I love books about people who perish for staying true to their principles, regardless of what these principles are. I also love books which make me wonder what I would have done in the hero/heroine's situation -- whether I would have given in to temptation or let my better self prevail. So I love Edith Wharton's The House of Mirth, which delivers on both counts, and then some.
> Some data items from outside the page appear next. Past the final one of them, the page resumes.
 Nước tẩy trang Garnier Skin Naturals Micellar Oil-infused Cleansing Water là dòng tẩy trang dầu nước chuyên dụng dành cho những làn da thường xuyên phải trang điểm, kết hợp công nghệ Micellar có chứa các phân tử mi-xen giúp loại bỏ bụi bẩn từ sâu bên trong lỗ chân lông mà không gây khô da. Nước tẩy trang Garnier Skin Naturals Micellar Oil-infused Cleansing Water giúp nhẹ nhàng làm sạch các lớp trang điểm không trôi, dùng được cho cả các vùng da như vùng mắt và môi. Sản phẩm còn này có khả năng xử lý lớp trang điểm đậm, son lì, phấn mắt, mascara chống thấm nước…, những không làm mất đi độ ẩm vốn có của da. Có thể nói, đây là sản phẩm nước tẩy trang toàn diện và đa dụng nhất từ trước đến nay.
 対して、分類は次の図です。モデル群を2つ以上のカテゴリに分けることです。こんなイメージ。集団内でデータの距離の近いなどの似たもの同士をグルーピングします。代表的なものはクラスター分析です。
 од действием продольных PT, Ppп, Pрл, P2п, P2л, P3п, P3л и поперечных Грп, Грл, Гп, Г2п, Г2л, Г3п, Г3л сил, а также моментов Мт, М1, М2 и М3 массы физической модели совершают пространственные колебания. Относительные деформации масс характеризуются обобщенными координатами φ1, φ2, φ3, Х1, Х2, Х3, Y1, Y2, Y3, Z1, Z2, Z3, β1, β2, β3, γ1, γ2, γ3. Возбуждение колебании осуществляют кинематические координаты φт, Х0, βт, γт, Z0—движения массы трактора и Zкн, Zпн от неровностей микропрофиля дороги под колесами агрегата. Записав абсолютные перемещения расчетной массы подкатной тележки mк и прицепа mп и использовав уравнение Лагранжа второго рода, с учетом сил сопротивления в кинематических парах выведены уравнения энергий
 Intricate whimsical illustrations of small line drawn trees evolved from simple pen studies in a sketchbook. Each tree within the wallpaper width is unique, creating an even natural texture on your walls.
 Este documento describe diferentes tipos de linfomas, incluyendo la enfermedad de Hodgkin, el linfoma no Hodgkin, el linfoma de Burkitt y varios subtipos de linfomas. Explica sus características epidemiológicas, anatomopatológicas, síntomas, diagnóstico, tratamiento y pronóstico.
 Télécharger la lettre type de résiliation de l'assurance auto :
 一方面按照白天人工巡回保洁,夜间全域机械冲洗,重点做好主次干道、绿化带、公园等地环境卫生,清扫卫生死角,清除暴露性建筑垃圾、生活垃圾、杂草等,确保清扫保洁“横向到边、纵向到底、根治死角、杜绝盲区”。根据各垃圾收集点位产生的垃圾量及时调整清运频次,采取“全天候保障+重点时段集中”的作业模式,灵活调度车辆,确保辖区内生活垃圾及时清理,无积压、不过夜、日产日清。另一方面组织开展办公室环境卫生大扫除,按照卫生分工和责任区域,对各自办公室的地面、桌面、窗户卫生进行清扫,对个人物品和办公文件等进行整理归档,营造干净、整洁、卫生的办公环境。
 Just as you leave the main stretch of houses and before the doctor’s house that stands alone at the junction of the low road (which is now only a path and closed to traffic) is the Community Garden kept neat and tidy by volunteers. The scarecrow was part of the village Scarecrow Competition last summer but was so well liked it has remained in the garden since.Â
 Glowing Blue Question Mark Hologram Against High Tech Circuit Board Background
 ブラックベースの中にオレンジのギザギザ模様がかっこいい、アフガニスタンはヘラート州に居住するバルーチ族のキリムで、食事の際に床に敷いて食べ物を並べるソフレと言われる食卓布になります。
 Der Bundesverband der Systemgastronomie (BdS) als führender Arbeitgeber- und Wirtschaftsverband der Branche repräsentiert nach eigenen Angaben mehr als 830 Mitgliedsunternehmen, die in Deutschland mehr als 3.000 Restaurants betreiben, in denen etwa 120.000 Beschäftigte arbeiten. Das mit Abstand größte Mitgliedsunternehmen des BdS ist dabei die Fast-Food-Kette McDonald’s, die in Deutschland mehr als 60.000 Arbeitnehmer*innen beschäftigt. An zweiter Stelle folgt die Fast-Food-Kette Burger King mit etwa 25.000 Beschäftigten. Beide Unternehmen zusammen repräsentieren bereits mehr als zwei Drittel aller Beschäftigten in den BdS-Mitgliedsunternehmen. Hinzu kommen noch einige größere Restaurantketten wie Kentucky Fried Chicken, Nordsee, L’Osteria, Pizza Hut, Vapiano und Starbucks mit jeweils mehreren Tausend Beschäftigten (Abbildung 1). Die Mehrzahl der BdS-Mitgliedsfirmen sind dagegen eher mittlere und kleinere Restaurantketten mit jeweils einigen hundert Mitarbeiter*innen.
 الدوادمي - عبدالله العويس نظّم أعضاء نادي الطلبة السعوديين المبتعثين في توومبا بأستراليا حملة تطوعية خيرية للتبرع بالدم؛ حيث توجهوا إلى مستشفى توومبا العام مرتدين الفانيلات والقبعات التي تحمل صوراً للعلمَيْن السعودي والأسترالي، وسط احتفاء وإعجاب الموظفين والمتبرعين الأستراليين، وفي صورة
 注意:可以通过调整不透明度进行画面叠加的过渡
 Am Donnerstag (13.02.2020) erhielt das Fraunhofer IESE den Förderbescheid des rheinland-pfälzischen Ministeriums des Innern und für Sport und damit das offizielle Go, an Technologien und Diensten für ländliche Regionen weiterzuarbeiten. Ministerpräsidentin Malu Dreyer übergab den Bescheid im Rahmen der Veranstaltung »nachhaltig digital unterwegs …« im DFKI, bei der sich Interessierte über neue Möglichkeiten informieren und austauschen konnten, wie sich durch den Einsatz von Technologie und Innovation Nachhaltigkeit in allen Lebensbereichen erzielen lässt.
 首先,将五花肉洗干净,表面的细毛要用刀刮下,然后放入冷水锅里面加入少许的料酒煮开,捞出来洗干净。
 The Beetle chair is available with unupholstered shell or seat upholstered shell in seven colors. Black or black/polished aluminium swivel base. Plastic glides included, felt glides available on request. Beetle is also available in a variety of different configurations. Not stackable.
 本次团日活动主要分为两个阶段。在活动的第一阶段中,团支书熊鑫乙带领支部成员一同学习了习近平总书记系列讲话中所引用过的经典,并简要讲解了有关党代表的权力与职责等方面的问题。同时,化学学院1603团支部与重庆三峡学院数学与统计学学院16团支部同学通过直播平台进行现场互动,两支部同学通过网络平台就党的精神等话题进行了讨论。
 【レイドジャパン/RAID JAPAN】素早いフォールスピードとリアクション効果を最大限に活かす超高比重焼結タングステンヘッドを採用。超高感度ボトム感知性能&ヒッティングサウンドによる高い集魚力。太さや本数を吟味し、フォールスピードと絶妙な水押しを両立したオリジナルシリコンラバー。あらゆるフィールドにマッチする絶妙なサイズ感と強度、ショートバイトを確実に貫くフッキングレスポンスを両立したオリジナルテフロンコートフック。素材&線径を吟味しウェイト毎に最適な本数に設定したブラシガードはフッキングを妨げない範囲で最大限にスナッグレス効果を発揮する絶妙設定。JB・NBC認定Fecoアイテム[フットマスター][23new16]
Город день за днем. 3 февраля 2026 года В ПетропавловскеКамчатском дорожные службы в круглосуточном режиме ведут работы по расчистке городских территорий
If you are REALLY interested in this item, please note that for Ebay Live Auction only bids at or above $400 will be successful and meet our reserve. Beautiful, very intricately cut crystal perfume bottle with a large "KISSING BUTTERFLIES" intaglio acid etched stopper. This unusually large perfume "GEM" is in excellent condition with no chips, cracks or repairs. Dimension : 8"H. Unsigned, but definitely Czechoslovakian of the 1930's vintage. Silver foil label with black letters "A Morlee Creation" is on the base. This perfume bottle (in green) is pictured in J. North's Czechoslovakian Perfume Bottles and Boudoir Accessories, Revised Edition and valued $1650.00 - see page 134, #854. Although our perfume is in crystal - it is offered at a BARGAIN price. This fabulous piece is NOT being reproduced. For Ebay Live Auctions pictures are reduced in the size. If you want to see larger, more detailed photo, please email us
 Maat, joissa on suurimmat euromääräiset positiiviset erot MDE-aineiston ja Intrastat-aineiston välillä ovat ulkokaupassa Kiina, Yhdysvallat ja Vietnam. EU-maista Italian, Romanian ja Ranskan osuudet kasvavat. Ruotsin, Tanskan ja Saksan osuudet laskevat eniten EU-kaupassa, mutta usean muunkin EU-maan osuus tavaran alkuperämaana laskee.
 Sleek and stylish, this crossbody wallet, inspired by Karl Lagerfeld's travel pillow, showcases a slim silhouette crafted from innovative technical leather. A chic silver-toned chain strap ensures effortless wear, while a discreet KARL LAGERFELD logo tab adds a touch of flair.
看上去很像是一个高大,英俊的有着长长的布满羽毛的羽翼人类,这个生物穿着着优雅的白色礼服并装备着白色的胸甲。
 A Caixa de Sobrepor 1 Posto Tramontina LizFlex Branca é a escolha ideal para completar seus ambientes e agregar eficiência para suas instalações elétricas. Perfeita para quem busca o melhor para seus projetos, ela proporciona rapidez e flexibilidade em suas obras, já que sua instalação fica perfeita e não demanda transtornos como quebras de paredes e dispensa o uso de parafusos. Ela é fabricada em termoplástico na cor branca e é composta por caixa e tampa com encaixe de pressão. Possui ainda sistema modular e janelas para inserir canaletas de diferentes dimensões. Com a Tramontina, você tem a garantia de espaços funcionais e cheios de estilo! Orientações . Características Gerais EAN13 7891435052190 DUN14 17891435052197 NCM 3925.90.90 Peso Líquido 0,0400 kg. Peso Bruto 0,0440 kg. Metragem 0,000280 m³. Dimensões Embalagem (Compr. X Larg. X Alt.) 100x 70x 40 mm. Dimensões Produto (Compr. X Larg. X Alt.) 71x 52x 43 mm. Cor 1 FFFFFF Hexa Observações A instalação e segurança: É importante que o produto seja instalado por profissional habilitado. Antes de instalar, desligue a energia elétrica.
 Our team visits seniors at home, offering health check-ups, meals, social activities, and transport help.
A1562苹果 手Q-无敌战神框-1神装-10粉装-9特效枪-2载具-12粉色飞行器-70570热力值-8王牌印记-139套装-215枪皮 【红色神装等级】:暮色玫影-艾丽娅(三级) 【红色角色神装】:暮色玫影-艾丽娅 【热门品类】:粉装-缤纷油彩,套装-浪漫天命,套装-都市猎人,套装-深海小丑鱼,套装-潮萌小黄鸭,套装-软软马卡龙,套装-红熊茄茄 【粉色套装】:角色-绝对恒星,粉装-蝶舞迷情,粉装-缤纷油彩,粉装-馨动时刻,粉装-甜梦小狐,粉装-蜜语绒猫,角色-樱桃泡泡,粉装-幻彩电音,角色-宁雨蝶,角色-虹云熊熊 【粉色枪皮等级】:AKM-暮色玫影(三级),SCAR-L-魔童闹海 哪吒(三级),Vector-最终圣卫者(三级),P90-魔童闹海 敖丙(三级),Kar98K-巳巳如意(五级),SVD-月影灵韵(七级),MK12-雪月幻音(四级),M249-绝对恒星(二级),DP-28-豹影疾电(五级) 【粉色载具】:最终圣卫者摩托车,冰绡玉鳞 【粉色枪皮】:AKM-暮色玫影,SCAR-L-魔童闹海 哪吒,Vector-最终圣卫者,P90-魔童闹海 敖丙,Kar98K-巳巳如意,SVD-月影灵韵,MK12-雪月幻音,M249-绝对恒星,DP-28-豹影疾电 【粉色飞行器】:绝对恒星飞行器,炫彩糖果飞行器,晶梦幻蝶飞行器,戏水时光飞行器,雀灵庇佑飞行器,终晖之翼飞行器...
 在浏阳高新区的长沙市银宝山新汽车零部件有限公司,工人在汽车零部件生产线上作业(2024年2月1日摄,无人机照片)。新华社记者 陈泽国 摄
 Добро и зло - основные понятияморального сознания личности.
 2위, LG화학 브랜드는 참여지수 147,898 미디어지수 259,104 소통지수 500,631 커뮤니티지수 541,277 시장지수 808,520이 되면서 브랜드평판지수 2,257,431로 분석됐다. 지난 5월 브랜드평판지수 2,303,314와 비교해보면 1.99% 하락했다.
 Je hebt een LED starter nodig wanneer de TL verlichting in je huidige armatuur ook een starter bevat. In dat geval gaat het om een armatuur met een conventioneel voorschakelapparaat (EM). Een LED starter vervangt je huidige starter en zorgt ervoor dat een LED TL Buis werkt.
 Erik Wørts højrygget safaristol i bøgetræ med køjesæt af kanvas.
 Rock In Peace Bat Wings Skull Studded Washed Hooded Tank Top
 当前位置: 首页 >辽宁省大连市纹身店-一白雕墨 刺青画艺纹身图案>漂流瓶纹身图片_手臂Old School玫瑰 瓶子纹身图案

The House of Mirth chronicles the rise and fall of Lily Bart, a stunningly beautiful late-nineteenth-century socialite whose fortune sadly doesn't match her looks. Raised to believe beauty and fun are all that matters in life, Lily has trouble reconciling herself to her reduced circumstances. She realises she has to marry a rich man to keep up her current lifestyle, and doesn't lack for wealthy admirers, but each time she comes close to making a good match, she sabotages her prospects. Partly this is because she is unconsciously in love with a man who sadly has no great fortune to put at her disposal; and partly it's because despite her increasingly urgent need of money, she is too snobbish and refined to bring herself to marry a man who offends her aesthetic and social sensibilities. So far, so Jane Austen, but Wharton wouldn't be Wharton if she didn't add some venom to the story, and some tragedy, too. Rather a lot of tragedy, actually.

The House of Mirth can be read on several levels. First of all, it's a parlour drama in the grand style of Jane Austen and Henry James (but more modern than either). Secondly, it's a love story -- a very tragic one indeed. Mostly, though, it's a critique of a society that creates women like Lily -- a society in which well-bred women are not taught to be independent, but rather to be just charming and beautiful enough to ensnare a wealthy man whose fortune they can then squander without any moral compunction. It's a critique of a hypocritical society in which married women (and men) can do as they please, but unmarried girls like Lily Bart have to be very careful indeed. Lily's Gilded-Age New York is a society in transition -- a society in which old manners and morals are increasingly being replaced by money and conspicuous consumption. On the outset, Lily seems to be part of a fast, shallow and profligate modern crowd, but as the story unfolds, the reader discovers she is not quite so corrupted as she seems. She still has some Old New York values left in her: naïveté, loyalty, chastity, discretion, and most of all, dignity. Needless to say, modern society being what it is, these old-fashioned values prove to be her undoing. Even when she is dealt a card with which she could turn a distinctly disadvantageous situation to her favour, Lily refuses to use it, choosing instead to suffer in silence and penury. Whether this is because using her trump card would place her on a par with the morally bankrupt people who make up her set or because she is too weak and exhausted to put up a fight is anyone's guess, but it makes for interesting speculation. And for introspection, for one inevitably ends up wondering how one would have behaved in Lily's position. Provided one would ever have found oneself in such a position in the first place, for unless I'm very much mistaken, most sensible women would have married Selden a few chapters into the book and dispensed with the rest of Lily's adventures. But that wouldn't have left Wharton with much of a story, would it?

Wharton's first novel suffers from a minor overdose of melodrama and may be a bit too heavy on descriptions of parties and social events for those of us who don't particularly care about such things, but in all other regards it's a triumph. As a depiction of an era and of changing upper-class society, it's as powerful as anything Wharton ever wrote, although the social satire isn't as scathing as it is in The Custom of the Country. As a portrayal of a tragic heroine, it is quite simply superb. For all her blindness and ineffectiveness, Lily is an excellent protagonist -- witty, socially astute, an asset to any assembly. If she has a spectacular talent for making bad decisions, it only serves to make her more likeable. For that is the amazing thing about The House of Mirth -- the reader never quite loses his sympathy for Lily, despite her obvious flaws. Wharton may satirise the society that has produced Lily, but she never goes so far as to satirise Lily herself, which makes her fate all the more tragic.

The House of Mirth may not be Wharton’s best novel (I think I prefer both The Age of Innocence and The Custom of the Country), but like all her work, it's eminently readable -- beautifully written and full of acute social and psychological insights (particularly into Lily's position). If it's only for people who like flawed heroines and tragic endings, so be it.